Thursday, May 21, 2009

Swine flu at the National Post

Check out this article in the National Post about female doctors in Canada. Seems to me it's high time to dust off that venerable term, "male chauvinist pig," and fast-pitch it Post-wards.

Maclean's magazine is a mite defensive this week. Seventeen months ago, it published an in-depth report about female doctors, and the pressures upon them:


Journalists Cathy Gulli and Kate Lunau examined how professional, personal and domestic demands create a perfect storm for many female physicians, who cope by working fewer hours, taking on fewer patients or leaving medicine altogether. They also reported on the premium care provided by many of these doctors, which has made them more sought-after by patients and, paradoxically, more overwhelmed and susceptible to burnout. Leading experts called for various solutions such a increased medical school enrollment, Canadian accreditation of foreign medical schools, and benefit packages for physicians. No one blamed female doctors or recommended curbing their numbers. [emphasis added]

Maclean's took some heat, perhaps unfairly, for that. But today the Post deserves whatever blowtorching it gets for its treatment of a new study on the issue.

Let's begin with the hed: "Female doctors hurt productivity: report." Good grief, need one read further? Why didn't those chicks stay home or just stick to nursing?

And it's all laid out afresh in the first paragraph:

The growing ranks of female physicians in Canada will slash medical productivity by the equivalent of at least 1,600 doctors within a decade, concludes a provocative new analysis of data indicating that female MDs work fewer hours on average than their male colleagues.

In fairness, this isn't quite the tack taken by the new study's lead researcher, Mark Baerlocher. Acknowledging that female doctors do work shorter hours, without delving into why this might be the case, Baerlocher suggests the obvious: the current doctor shortage should be tackled by training more doctors. Well, as the kids say, duh. (Another positive move might be to resolve the current credentials problem encountered by foreign-trained physicians.)

And
the president of the Canadian Medical Association, Dr. Robert Ouellette, responding to the report, notes that the quality as well as the quantity of physician care is important. There is evidence, he says, that female doctors "spend more time with patients, are better communicators and offer more preventive medicine."

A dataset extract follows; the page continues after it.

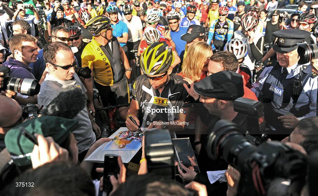 25 August 2009; Seven times winner of the Tour de France Lance Armstrong signs autographs before being joined by cycling fans for a ride in the Phoenix Park, Dublin. Picture credit: Stephen McCarthy / SPORTSFILE

But, although the news story contains much of interest, including Dr. Ouellette's remarks, the Post's own bias is glaring. Using a purr-word like "productivity" and a snarl-word like "hurt," the tone is set from the beginning. It's all the women's fault, clogging up our medical schools and then dogging it once they graduate. They're displacing men who are willing to put in the time it takes. And meanwhile the patient waiting-lists grow.

We know why women work shorter hours, of course: it's the old "double day" syndrome. In 2009, they still carry the lion's share of household responsibilities, even when they hold demanding jobs outside the home. Maybe the male partners in the picture--not to mention the insufferable chauvinists at the National Post--could do their parts to solve the female "productivity" problem by learning to push a broom, cook a meal and change a diaper.